Malahide United
- Full name: Malahide United Football Club
- Founded: 1944; 82 years ago (founded) 1970; 56 years ago (reformed)
- Ground: Gannon Park
- League: Leinster Senior League
- Website: malahideunited.ie
| Home colours |

= Malahide United F.C. =

Malahide United F.C. are a football club from Malahide, Fingal county in Ireland. The club plays at Gannon Park. Malahide compete in the Leinster Senior League.
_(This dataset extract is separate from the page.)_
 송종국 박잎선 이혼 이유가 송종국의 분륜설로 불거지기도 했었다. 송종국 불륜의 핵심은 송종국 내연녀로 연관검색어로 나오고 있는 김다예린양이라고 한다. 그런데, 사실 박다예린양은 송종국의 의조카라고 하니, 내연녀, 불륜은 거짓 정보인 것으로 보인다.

With over 1,200 registered players as of 2009, the club claims to be one of the largest in Ireland.

==History==
Malahide United A.F.C. was established in 1944. The club applied to join the Athletic Union League (AUL) in Dublin and became a registered participant by the time the league kicked off in September 1944. Malahide's first pitch was based in Ard Na Mara and the official club colours were originally red and white. The team's first competitive match was against Bray Wanderers which ended in a 9–0 defeat. Malahide won the reverse fixture, beating Bray 5–3 in the final game of the season and denying the Seagulls the title.
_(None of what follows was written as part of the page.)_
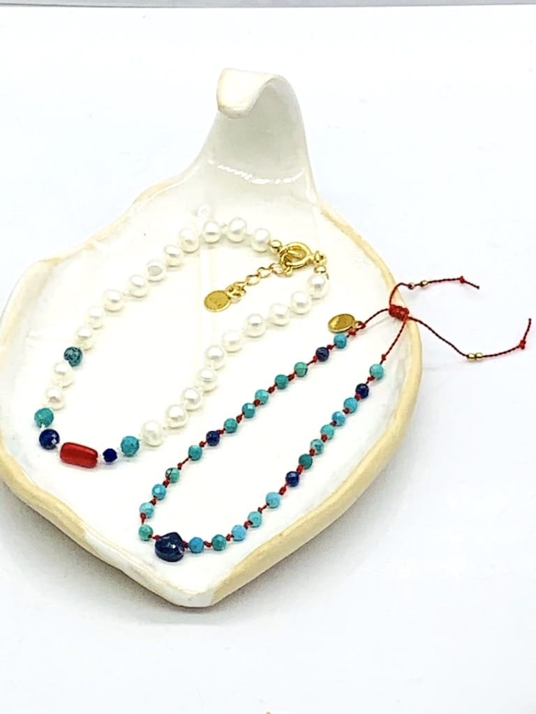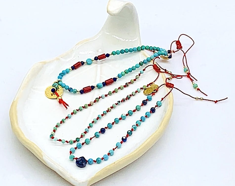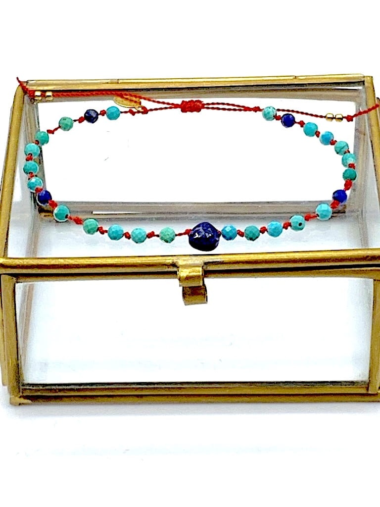 Bransoletka Naturalność turkus i lapis supełkowana złota

In 1951, the club moved to Yellow Walls Road and gained promotion to the AUL second division. Local interest in soccer increased and a second team was established.

The club disbanded in the early 1960s due to insufficient numbers, although by 1969 discussions were held to resurrect the club. This culminated in an application to the Amateur League and the club reformed in 1970. Following the reformation, the club colours were changed to red and black and a new club crest was designed. This new crest was inspired by the crest of Real Madrid.
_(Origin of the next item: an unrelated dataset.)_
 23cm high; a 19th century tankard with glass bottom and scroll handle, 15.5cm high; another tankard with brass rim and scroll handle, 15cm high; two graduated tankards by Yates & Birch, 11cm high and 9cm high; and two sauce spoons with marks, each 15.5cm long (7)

During the shortened tournament season in 2002, Malahide United reached the second round of the FAI Cup. The club reached the last sixteen of the 2014 FAI Cup. On 31 March 2019, Malahide won the Charlie Cahill Cup, beating Crumlin United 5–4 on penalties. The final was played at Whitehall Stadium and, with no goals in normal time, both sides scored in extra time to bring the game to penalties. In April, Malahide travelled to the Mardyke in Cork for their 2019 FAI Cup qualifying round match against UCC. Malahide won the game 0–2 to progress to the first round of the competition.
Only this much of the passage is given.